As August approaches, I use this time to reflect on my professional learning experiences over the last twelve months. Working at a nonprofit that supports college and career readiness for students across the country, the cycles of learning and professional learning opportunities vary from working in the K-12 sector. I use the month to think of the plans I intend to make as I craft and develop plans that work for the majority of career and technical education teachers I work with each year. The summer is busy and booming with a plethora of learning opportunities within the districts, the state, and the national annual conference. I find true value and importance in the Learning Forward professional learning standards and applying it to my work as an external provider to school districts. The principles focus and center the recommendations I make and implement into the programming. I strive to employ elements of building networking and professional networking communities, leadership sessions, providing each session with data, resources, student outcomes, potential implementation suggestion and key learning designs.  Most recently, I attended a Marriott event and learned about the new trends in event planning and programming for the future. I learned that corporate events are very similar to education events. The language is a bit different, but aligning the content helped me in focusing on the key components in extracting elements to craft high quality professional learning programming.

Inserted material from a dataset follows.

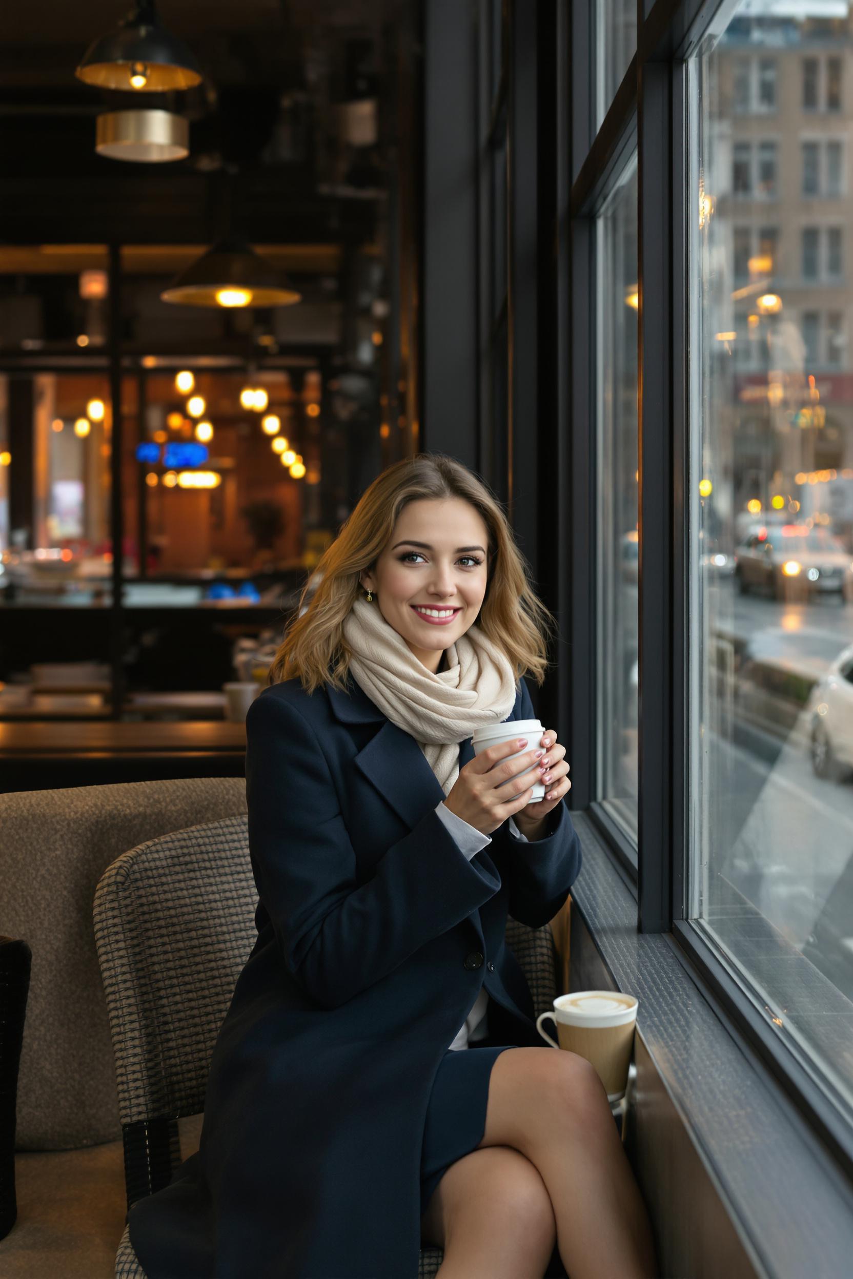 Женщина в длинном тёмно-синем пальто и светлом шарфе сидит у окна в кофейне с индустриальным интерьером, в руках чашка кофе, на фоне городские огни, на лице милая улыбка, она смотрит прямо в камеру, вокруг тёплый уютный свет.

The 5 sessions included the following:

  • Emotional Intelligence
  • Orchestrated Serendipity
  • Multi-modal design
  • Bigger than Oneself
  • Clear Sense of Place

Each session embodied the concept on the user end and helped me think through what is possible for educators to attend professional learning events that I coordinate that use these key concepts as a driving force. There are ways to create sessions that use the concepts and address financial implications, or even logistical implications. When educators leave the classroom and take time away from other areas of their lives I want to make sure that the moments of learning are meaningful and the take aways are impactful. Working on designing space that is comfortable and creative is an area I have spent the last few years researching and inquiring about across the country, this year I was able to implement a two-sided lounge with a variety of furniture that made networking easier for participants. Each conference I lead has a theme, but the new concept I will try moving forward is to try to lead the team in creating social impact and meaningful engagement, it is a huge concept and will have long lasting impact beyond the conference and attendees can take that concept to their school community. Finally, an important concept to think through when planning conferences is the actual location and bringing in the spirit of the city or state into the event.

I was truly pleased to see that these concepts were transferable to my world as a professional learning developer in merging these ideas with Learning Forward’s professional learning standards.